LECTIO PRAECURSORIA: PLUCKING THE FOREST SOUND - THE TRANSCULTURATION OF THE FINNISH KANTELE IN JAPAN
Ezo Squirrels play the kantele. Illustration by Ayumi Nakamura (Japan)

FT Ying-Hsien Chen is an ethnomusicologist. Her doctoral dissertation (2023) dealt with the Finnish kantele in Japan.

Honoured Custos, honoured Opponent, members of the audience!

Over the years as I have been working on this dissertation, people have been asking me, a Taiwanese national, what inspired me to study a Finnish folk instrument in Japan. The answer is simple and personal. I will try to make this long story, that goes to the roots of my study, short.

When I was considering applying for a place as an exchange student in Europe in 2010, Finland emerged as my destination. Coming from a small island with a diverse population, I was intrigued by the kantele’s beautiful sound and its national status in Finnish history. Later, I was privileged to study at the Sibelius Academy. As a guzheng player, the kantele was familiar to me in terms of its structure and some required techniques. The whole year was inspiring, eye-opening and emotionally profound because it took me to various places.

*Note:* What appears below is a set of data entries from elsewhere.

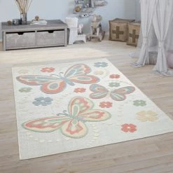 Paco Home Tapis Enfant Chambre D’Enfant Tapis De Jeux Fille 3D Fleurs Papillons Coloré 80×150 Cm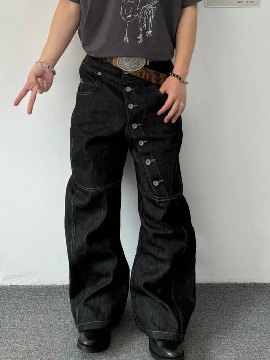 Retro Curved Long-Breasted Design Jeans for Men - 2025 High-Street Loose Wide-Leg Floor-Length Pants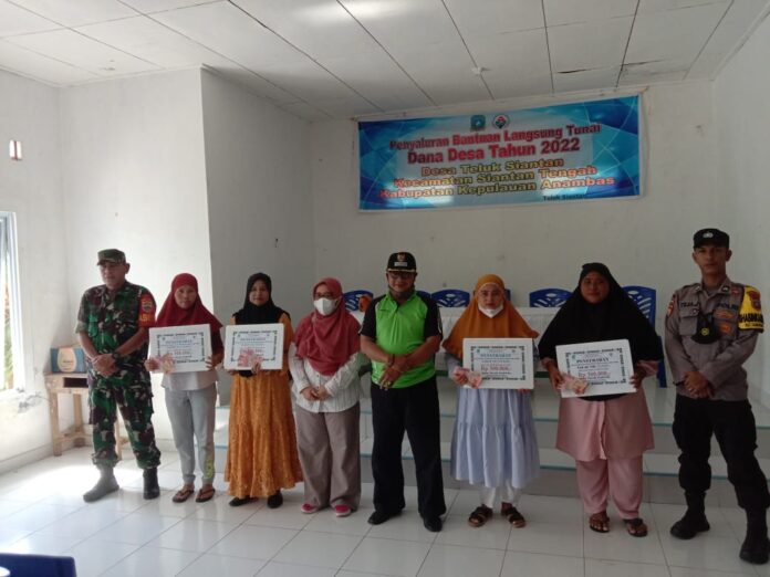 Mandalapos.co.id, Anambas — Pemerintah Desa Teluk Siantan menyalurkan Bantuan Langsung Tunai Dana Desa (BLT DD) triwulan 3 periode bulan Juli 2022, Sabtu (23/7) di balai desa setempat.

I built a five-string kantele from pieces of wood in a Helsinki suburb. I discovered different kantele variants in a museum in middle Finland. With a small group of international students I visited Nötö, an island in the Baltic Sea with only nine inhabitants, where we found the “singing stone.” By knocking the stone with my kantele improvisation, we created music in the fascinating natural environment. As a non-Finnish speaker, the small and ancient instrument is my window to Finnish culture.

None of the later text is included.